Colby’s left sleeve was caught on a chewed IV line that hinted at a fight for her life.

She’d always been strong
.

Wilson attached the EKG leads and vitals monitor, and went to work on the tape. “We’ve got to get this line out to clot the bleeding.”

“I need a picture, please,” Elsa said. “It’s evidence.”

Jared held up Colby’s arm, and Elsa snapped several shots.

“My name’s Elsa,” she said.

“Jared Monroe.” The introductions were brief and hurried.

Wilson hit “Print” on the EKG machine, handed Jared the tracing, and repeated the blood-glucose testing. “Glucose level is up, but she’s still low.

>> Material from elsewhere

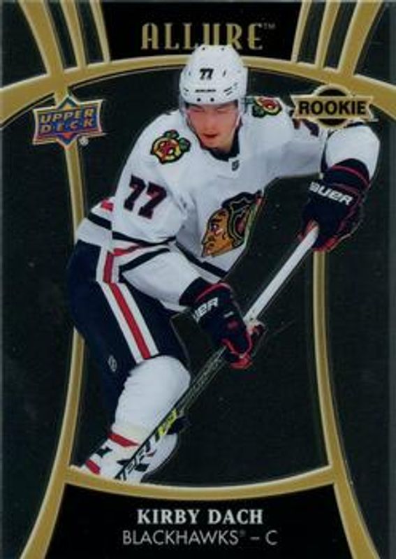 The Kirby Dach 2019 Upper Deck Allure #107 Base Rookie card is 1 of 42 Kirby Dach's card variations in the 2019 Upper Deck Allure set being tracked by Sports Card Investor, including Base, Pewter, Pink Diamond, Red Rainbow, and White Rainbow.

Heart rate is stabilizing. Temperature is normal.”

Jared noted blood on Colby’s jeans. “Get me a surgical tray and a suture kit.” He pushed the blanket off her leg and cut away her jeans. The cut was deep and embedded with rust. “Grab me a tetanus shot, too.”

Wilson set a cleaning basin and suturing supplies on a cart and pushed it next to Jared.

Jared pulled up a stool at the bedside and lowered the railing. He flushed the blood and debris from the wound with an irrigation syringe of sterile water and scrubbed at the edges. The cut was jagged, hard to align. Blood, water, and dirt soaked the disposable pad under Colby’s leg in a tie-dye pattern.

Elsa shivered and went pale.

“Are you all right?” Jared asked.

“I’m fine,” Elsa said.

Wilson opened a folding chair and pressed down on Elsa’s shoulders for her to sit. “Just in case.”

Jared anesthetized the wound despite Colby’s unconsciousness and hooked the suturing needle carefully through her skin. If she were awake, she’d insist on a plastic surgeon’s skill to minimize the scar. Jared, knowing how vain she was, did the next best job. No matter what had happened between them, he was determined to pull her through. The cut took six stitches, and when he was finished, he snipped the line and peeled off his bloody gloves, wondering how, exactly, all of this had happened. He turned to face Elsa and asked the question he almost didn’t want the answer to.

“Where did you find her?”

“In the garage behind Dorian Carmichael’s office.”